━━ Source records ━━

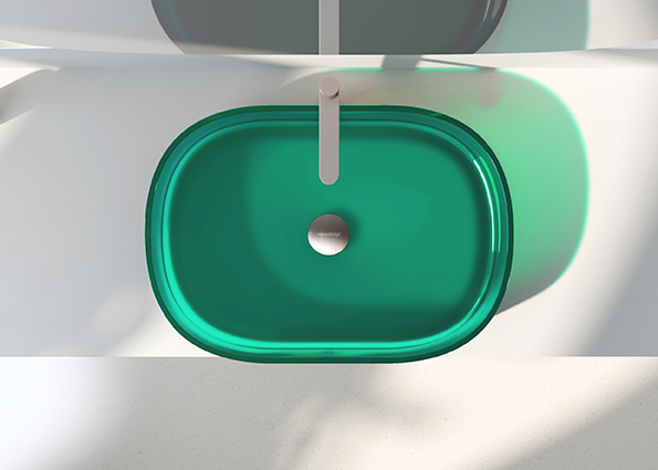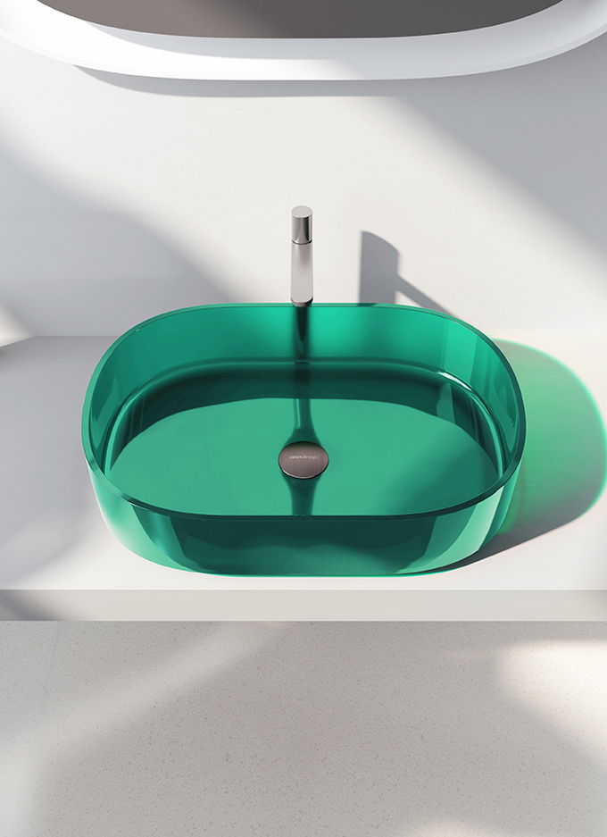 Relax Design Kolu Umywalka stawiana przezroczysta z korkiem 60x42 menta KOLU60
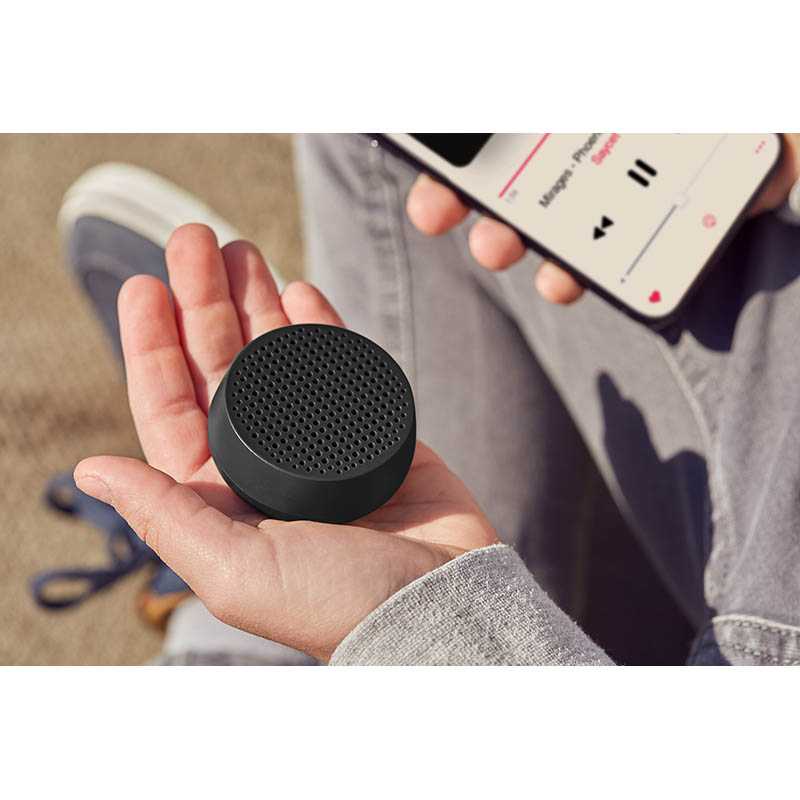 Pocket-sized 3W Bluetooth® speaker - Pairable via TWS - Rechargeable Hands-free mic - Selfie control - Playtime: 3h - Charging time: 1h Rechargeable on USB-C port (cable included) - Material: ABS Suggested branding: silkscreen
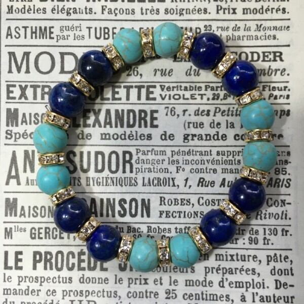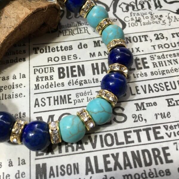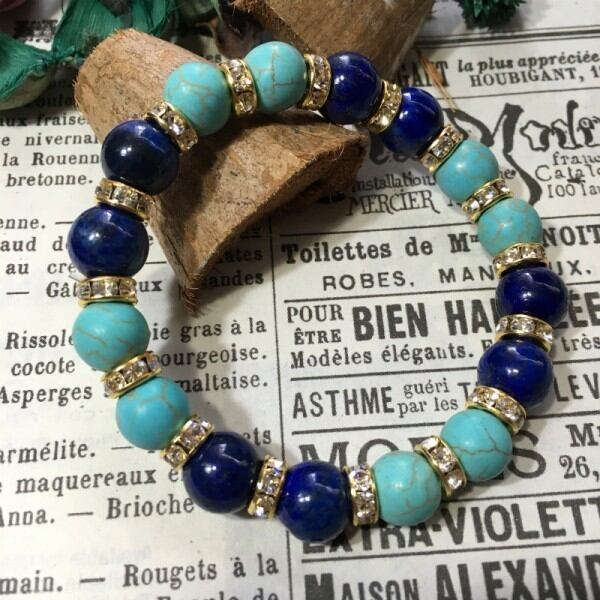 こちらは、ラピスラズリとハウライトを組み合わせた天然石ブレスレットです。間にはゴールドの8mmロンデルを挟み高級感あるデザインに仕上げています。石大きさは腕にも馴染みやすいように10mm玉で内周約17cm(伸可能)です。気になる方は是非この機会にどうぞ。
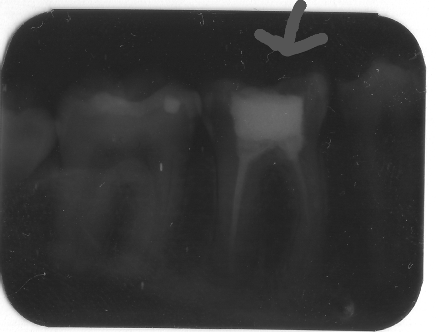 Pani doktor mi powiedziała, że nie widzi żadnych zmian na tym zdjęciu zęba zaznaczonego strzałką.
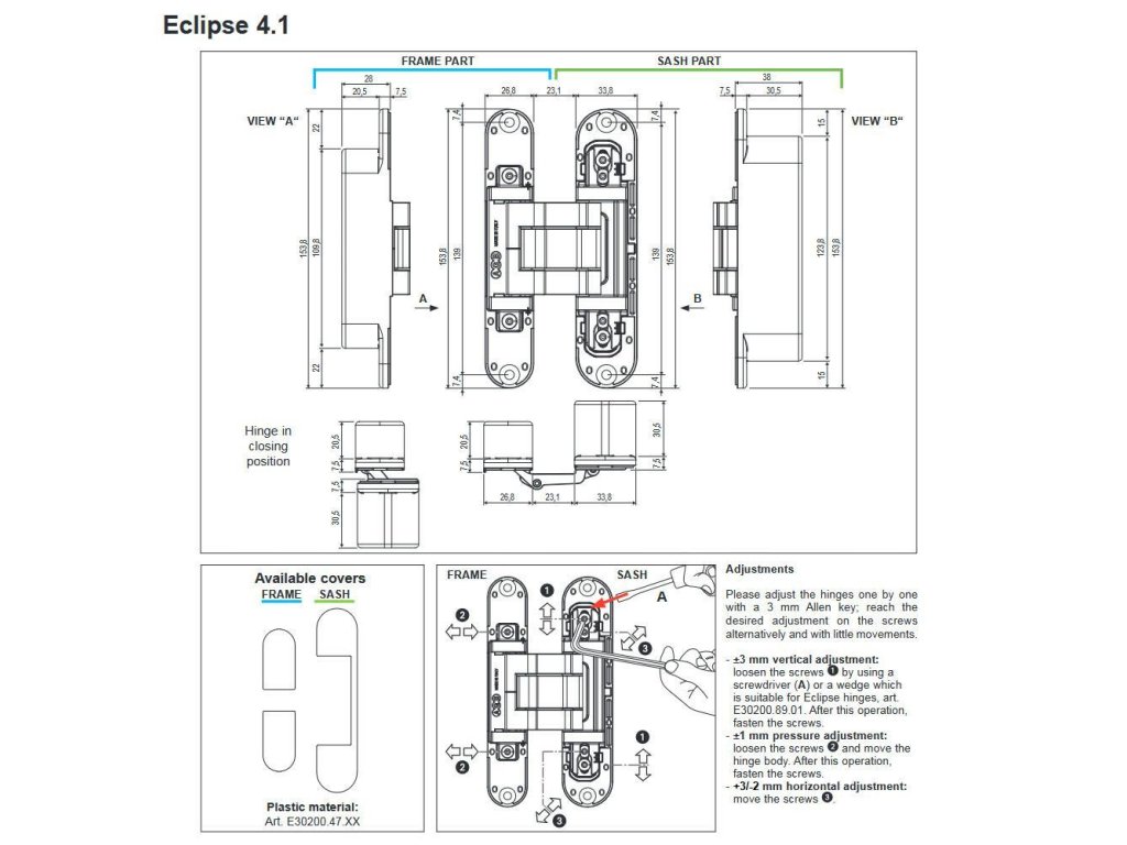Závěs dveřní skrytý ECLIPSE 4.1 - Výška závěsu: 153,8mm - Šířka křidélka části rámové: 26,8mm - Šířka křidélka části křídlové: 33,8mm - Hloubka části rámové: 28mm - Hloubka části křídlové: 38mm - Materiál: zamak - Barva: chrom mat - Nosnost: 50 kg na 2 závěsech - Krytky dostupné v oddzielnej prodeje Odwracalny skrytý závěs. Je regulovaný v 3 osách Rozsah otevření dveře od 0° pro 180° Hodí se pro dveře o tloušťky větší nebo stejné 44 mm. Idealny pro použití z krytkou pro 13 mm. Viz výkres technickýDoplňkové parametry

━━━

* **Exercise instructions**:
Take the lines from the start of the listing above through the line with "Pani doktor mi", both ends included, and copy them exactly, leaving the pictures behind.

* **Written reply**:
 Relax Design Kolu Umywalka stawiana przezroczysta z korkiem 60x42 menta KOLU60
 Pocket-sized 3W Bluetooth® speaker - Pairable via TWS - Rechargeable Hands-free mic - Selfie control - Playtime: 3h - Charging time: 1h Rechargeable on USB-C port (cable included) - Material: ABS Suggested branding: silkscreen
 こちらは、ラピスラズリとハウライトを組み合わせた天然石ブレスレットです。間にはゴールドの8mmロンデルを挟み高級感あるデザインに仕上げています。石大きさは腕にも馴染みやすいように10mm玉で内周約17cm(伸可能)です。気になる方は是非この機会にどうぞ。
 Pani doktor mi powiedziała, że nie widzi żadnych zmian na tym zdjęciu zęba zaznaczonego strzałką.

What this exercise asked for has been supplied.